Ratcliffe and his Ineos team assuming sporting control suggests a form of executive power. If the Glazers are loathed for using the club as their ATM while never properly servicing the debt their late patriarch, Malcolm, laid on the club in 2005, it is United’s sporting failure that most damns their reign. That the Glazers ratified a spend of £1.5bn on players since Sir Alex Ferguson’s retirement is used as mitigation by a dwindling number of advocates but an accepted truth of their stewardship is that the club suffers sorely for a lack of direction and expertise.

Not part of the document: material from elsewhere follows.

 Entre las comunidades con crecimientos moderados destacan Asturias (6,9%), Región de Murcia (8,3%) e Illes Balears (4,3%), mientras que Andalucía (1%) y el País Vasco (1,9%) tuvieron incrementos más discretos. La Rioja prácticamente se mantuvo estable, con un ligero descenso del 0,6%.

It has long been a truism that even the keenest business brains can become befuddled by the football boardroom. Mike Ashley and Lord Alan Sugar were canny operators much admired in retail but made the mistake of trying to operate their football clubs, Newcastle and Tottenham, like their other businesses. Both exited football in profit but having won few friends. Making sums add up is no route to popularity. Both went into football without experience while Ratcliffe, with respect to Ashley and Sugar, is multiple times more financially wealthy and has sporting previous – if not unimpeachable success.

Critics declare his Ineos Grenadiers cycling team is nowhere near as all-conquering as the Team Sky he rebranded, that Sir Ben Ainslie has never captured the America’s Cup under Ineos sails. The fortunes of FC Lausanne in Switzerland and Nice in France are picked over though the latter being second in Ligue 1 represents promise. There are those who mistrust the key adviser Sir Dave Brailsford’s “marginal gains” but Ineos running the sporting side while the Glazers look after the business side has faint echoes of the Glazers’ early years when Ferguson was supported by David Gill on United’s football side, and Woodward ran the commercial side. Repeating that era’s successes is the endgame, if a distant dream.

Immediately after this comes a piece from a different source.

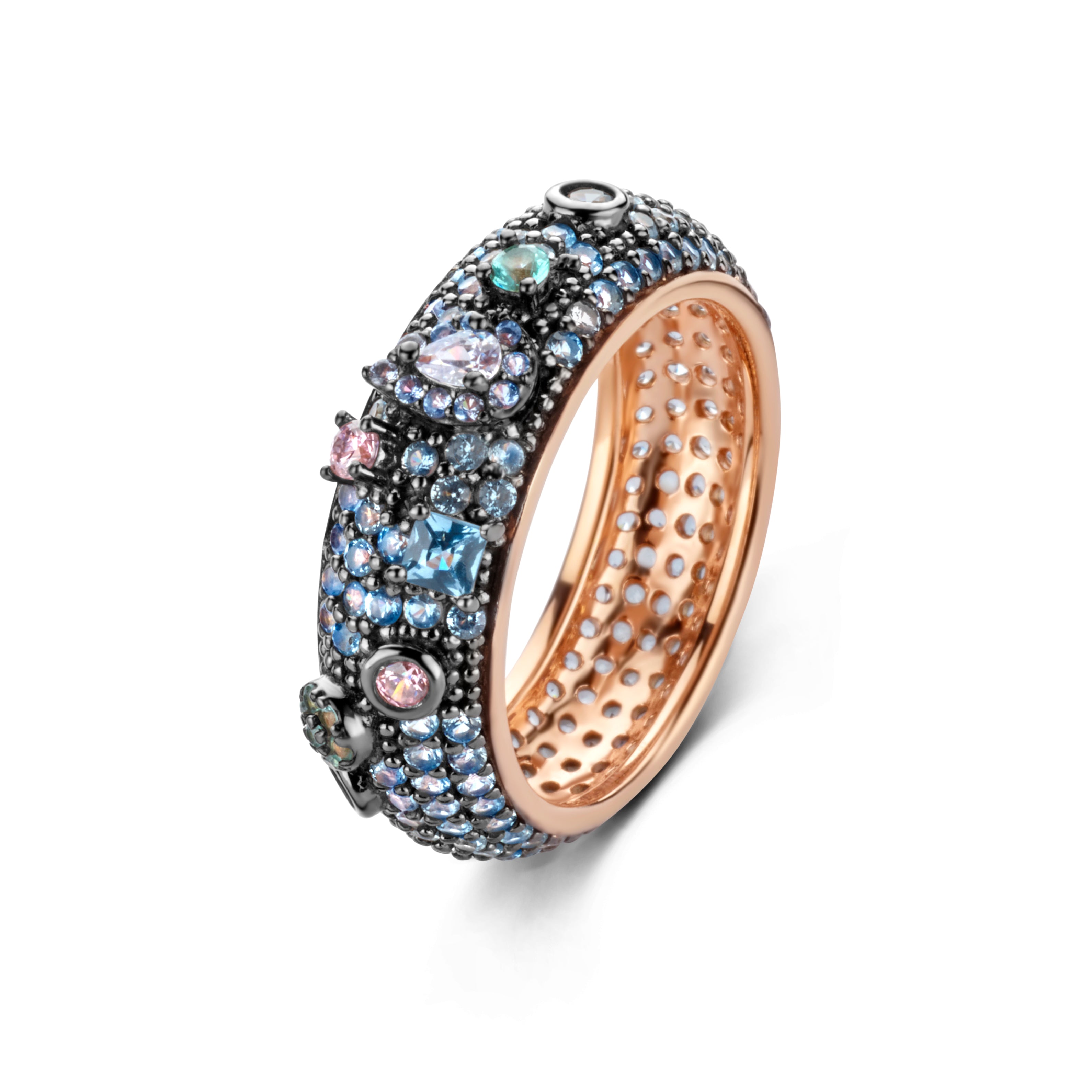 Acest frumos inel de la Salvatore Plata face parte din colectia Utopia si este realizat din argint 925 cu o placare cu aur roz. Inelul este sertat cu cristale de turmalina, albastru si aur roz. Amestecati si potriviti piesele pentru a va crea propriul aspect unic!

In Ratcliffe’s previous swoop for a club, Chelsea, in 2022, he circumvented the sales process of Raine, the same group operating for the Glazers, only to withdraw almost as quickly. Further suspicions of opportunism against the self-proclaimed Failsworth-born “top red”? A few Chelsea fans might now wonder how his regime could have compared to that of the Todd Boehly-led winning bid.

From within United itself, as the bidding process continued, there has been a wounded defensiveness to criticism. Last season’s successes have been trumpeted when the team is already falling behind this season’s targets. The handling of Mason Greenwood and subsequent accusations made – and denied – against Antony have led to unwanted headlines. Richard Arnold, the chief executive who attempted a more open-door policy than his predecessor Woodward, came under heavy criticism and departed even before the new setup was officially in place.

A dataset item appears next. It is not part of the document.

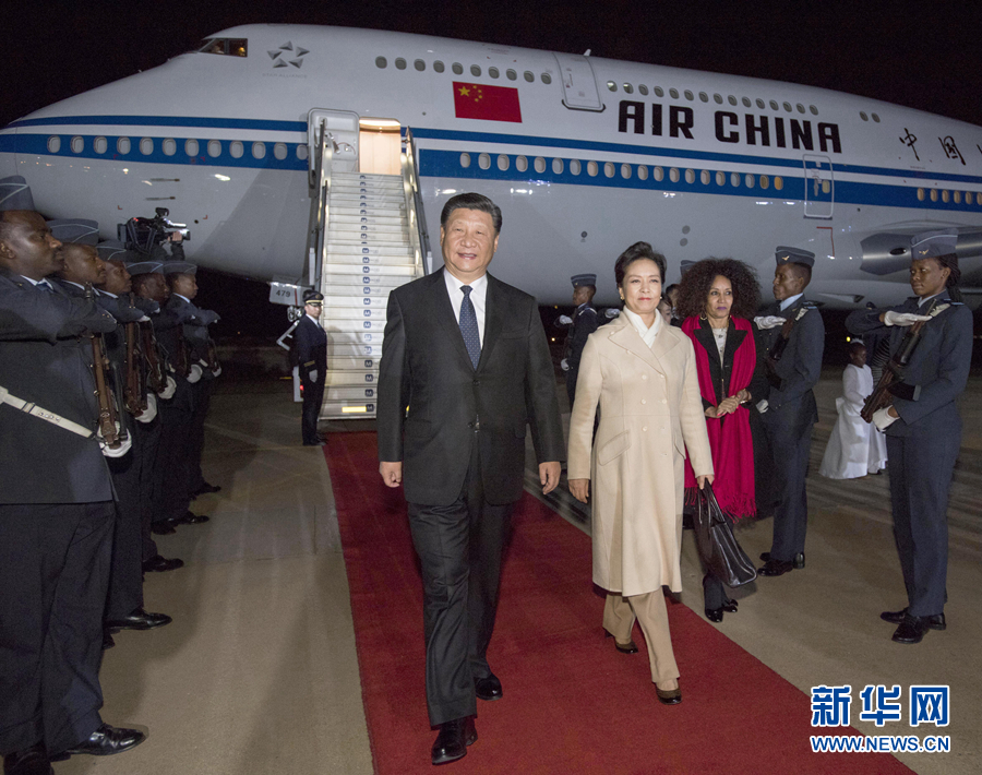 7月23日,國家主席習近平抵達比勒陀利亞,開始對南非共和國進行國事訪問。習近平和夫人彭麗媛在機場受到南非外長西蘇魯?shù)日呒壒賳T熱情迎接。新華社記者李學仁攝

Related: René Meulensteen: ‘A lot of negative pressure has been created at Manchester United’

The arrival of Ratcliffe, not someone to take a back seat and reportedly critical of operations during initial exploratory meetings, brings the future of the club’s entire executive class into question. His faith in Erik ten Hag was said to be more solid than many other United supporters’ though recent weeks may have changed that. John Murtough, a low-profile, low-energy director of football, is highly likely to be on the casualty list.

Ratcliffe’s 25% stake brings many such questions, including the makeup of divisions between the Glazer siblings – who wants to cash out, who wishes to remain? – the now onerous debt, a complicated “A” and “B” equity structure and an antiquated stadium with a leaking roof. Even a self-made man worth almost £30bn cannot cure all ills but perhaps his fresh approach can lighten Old Trafford’s damp air. The only credible alternative outcome after so many months of wrangling turned out to be the bleakness of the Glazers retaining full control.